Python: Google API - Getting mimeTypes from a mess

2020-03-04 12:34发布

问题:

My goal is to use the Google API to take data from an email I have specified. Currently I can find the message, get the message data and decode the message data into a readable format. After this I need to find the correct part of my message (type text/html) and then scan for my link using beautiful soup.

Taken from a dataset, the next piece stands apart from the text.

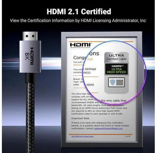 UGREEN 8K HDMI 2.1 Cable 48Gbps , Certified Ultra High Speed HDMI Cord Aluminum, 4K@240Hz 120Hz 10K 8K@60Hz, HDCP 2.2&2.3, eARC HDR 10 Dolby 6.6FT
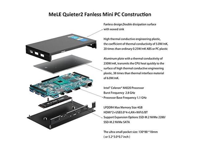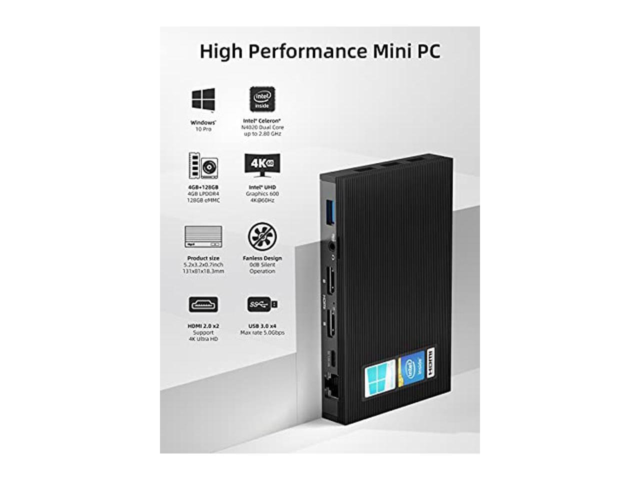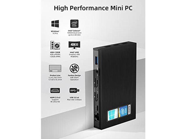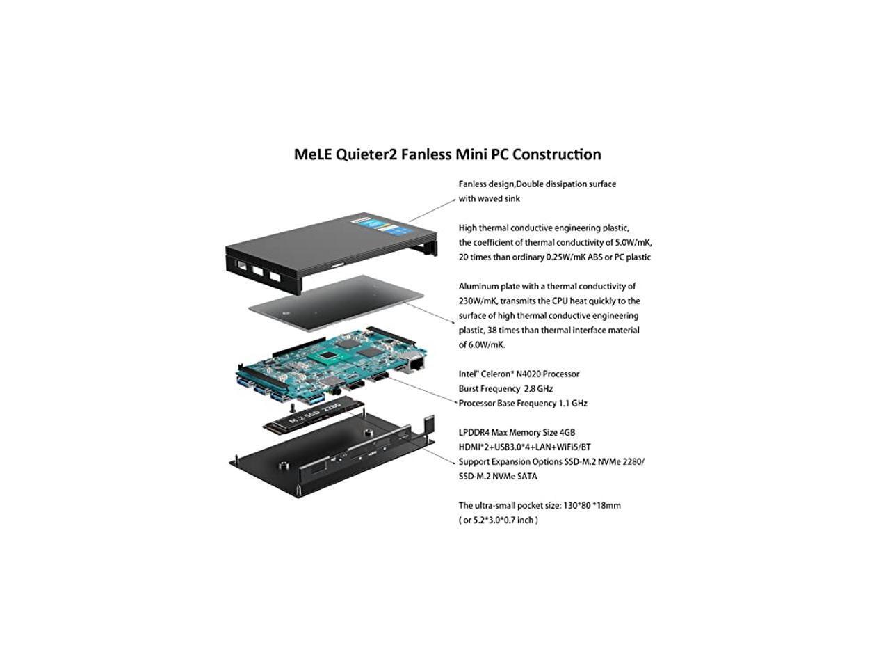Fast Running Speed ---This MeLE mini pc adopts Celeron N4020 processor,built in 4GB memory LPDDR4 and 128GB eMMC storage,burst frequency up to 2.80 GHz,adopts dual core,its TDP speed up to 6W,able to deal simple multiple tasks at the same time.

Unfortunately I don't understand enough about the structure of the email/Google API to scan for this specific part of the mail.

        try:
            message = gmail_service.users().messages().get(userId='me', id=thread['id'], format='raw').execute()
            print 'Message snippet: %s' % message['snippet']
            msg_str = base64.urlsafe_b64decode(message['raw'].encode('ASCII'))
            mime_msg = email.message_from_string(msg_str)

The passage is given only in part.